- WHAT NEEDS TO BE DONE
Without including any pictures, please copy every entry below exactly.

START INPUT FOR THIS TASK

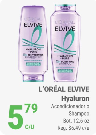 L´oreal elvive hyaluron acondicionador o shampoo bot. 12.6 oz
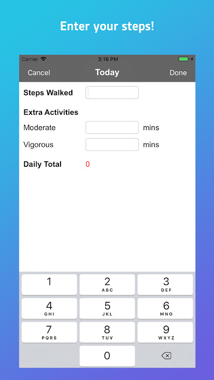 2、手动输入您的计步器(或活动跟踪器)统计的步数;
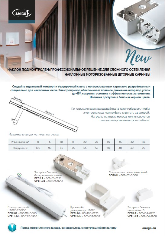 Создайте идеальный комфорт и безупречный стиль с моторизованным карнизом, разработанным специально для наклонных окон. Электропривод обеспечивает плавное движение штор под углом до 45⁰, сохраняя эстетику и эффективность затемнения. Новинка доступна в белом и черном цвете.
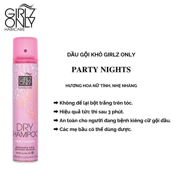 Ngoài việc là một sản phẩm chăm sóc và vệ sinh cho tóc, Girlz Only Dry Shampoo còn là giải pháp hiệu quả cho những người bận rộn và luôn có mái tóc bết dính. Chỉ từ 2-5 phút, bạn sẽ nhanh chóng có được mái tóc sạch sẽ mà không cần dùng tới nước.
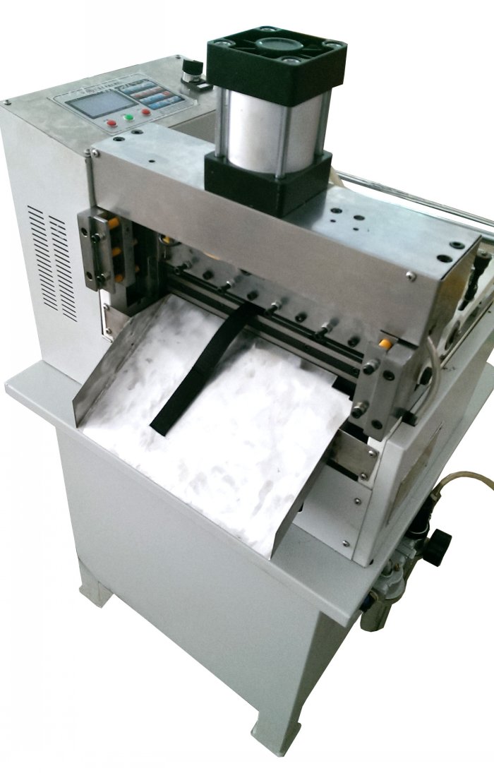 用途:本機適合于:箱包、皮具、鞋業、電子、繩帶、電子行業、汽摩配行業、電器、電機、燈具、玩具、變壓器、服裝、文具等行業。如:套管、排線、銅鋁線、彩色帶、魔術帶、織帶、安全帶、PP帶、尼龍帶、粘扣帶、棉紗帶、松緊帶、塑膠帶、拉鏈、套管、紙類、排線、小電線、金屬薄片等材料定長裁切 。
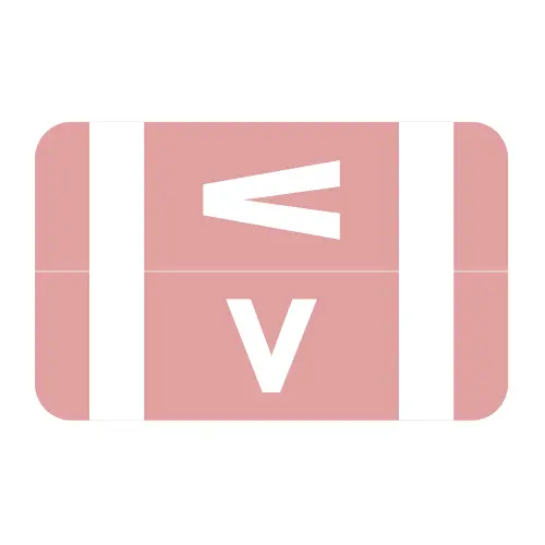 Pink Tab/Smead ACCS Compatible Alpha labels of size 1-5/8" X 1" with Individual Letter "V", Laminated Stock Packaged in pack of 100
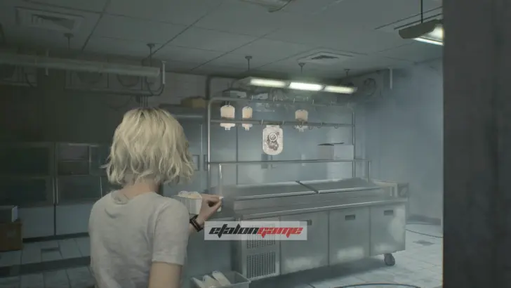 В западном крыле идите по левому коридору через кухню. Здесь вам встретится Шеф-повар, и пока с ним лучше не связываться. Он ходит по кухне, возится у столов и у ванны на тележке, так что можно дождаться, когда он отойдёт, и проскользнуть через дверь с другой стороны. Затем двигайтесь вправо и либо разберитесь с зомби у выключателя, либо просто обойдите его. После этого откройте дверь справа, чтобы разблокировать короткий путь обратно в центральную часть.
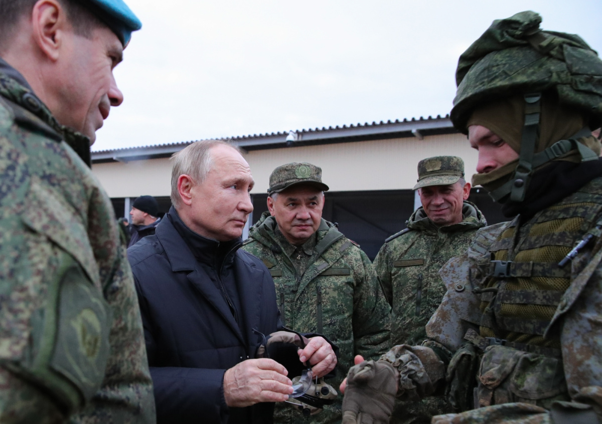 На полигон, где готовят мобилизованных, Путин прибыл вместе с министром обороны, чтобы пообщаться с военными. Президент проинспектировал практические занятия по тактической, огневой, инженерной и медицинской подготовке.
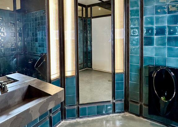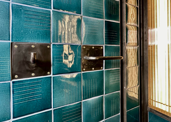 For the outer face, a feature wall was created, with ceramic tile panels in a design that we developed and crafted in our ceramic workshop. This outerwall design in charcoal is distinct but matches the inner panels of the bathroom, in teal.
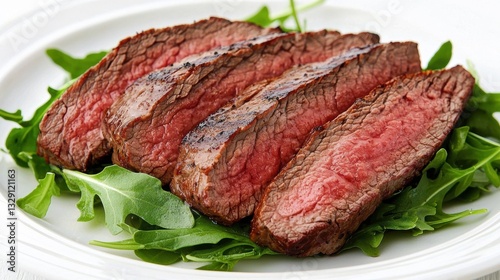 Chuck food steak concept. Grilled steak cooked to perfection served on a bed of greens

END INPUT FOR THIS TASK

- SOLUTION FOR THIS PROBLEM
 L´oreal elvive hyaluron acondicionador o shampoo bot. 12.6 oz
 2、手动输入您的计步器(或活动跟踪器)统计的步数;
 Создайте идеальный комфорт и безупречный стиль с моторизованным карнизом, разработанным специально для наклонных окон. Электропривод обеспечивает плавное движение штор под углом до 45⁰, сохраняя эстетику и эффективность затемнения. Новинка доступна в белом и черном цвете.
 Ngoài việc là một sản phẩm chăm sóc và vệ sinh cho tóc, Girlz Only Dry Shampoo còn là giải pháp hiệu quả cho những người bận rộn và luôn có mái tóc bết dính. Chỉ từ 2-5 phút, bạn sẽ nhanh chóng có được mái tóc sạch sẽ mà không cần dùng tới nước.
 用途:本機適合于:箱包、皮具、鞋業、電子、繩帶、電子行業、汽摩配行業、電器、電機、燈具、玩具、變壓器、服裝、文具等行業。如:套管、排線、銅鋁線、彩色帶、魔術帶、織帶、安全帶、PP帶、尼龍帶、粘扣帶、棉紗帶、松緊帶、塑膠帶、拉鏈、套管、紙類、排線、小電線、金屬薄片等材料定長裁切 。
 Pink Tab/Smead ACCS Compatible Alpha labels of size 1-5/8" X 1" with Individual Letter "V", Laminated Stock Packaged in pack of 100
 В западном крыле идите по левому коридору через кухню. Здесь вам встретится Шеф-повар, и пока с ним лучше не связываться. Он ходит по кухне, возится у столов и у ванны на тележке, так что можно дождаться, когда он отойдёт, и проскользнуть через дверь с другой стороны. Затем двигайтесь вправо и либо разберитесь с зомби у выключателя, либо просто обойдите его. После этого откройте дверь справа, чтобы разблокировать короткий путь обратно в центральную часть.
 На полигон, где готовят мобилизованных, Путин прибыл вместе с министром обороны, чтобы пообщаться с военными. Президент проинспектировал практические занятия по тактической, огневой, инженерной и медицинской подготовке.
 For the outer face, a feature wall was created, with ceramic tile panels in a design that we developed and crafted in our ceramic workshop. This outerwall design in charcoal is distinct but matches the inner panels of the bathroom, in teal.
 Chuck food steak concept. Grilled steak cooked to perfection served on a bed of greens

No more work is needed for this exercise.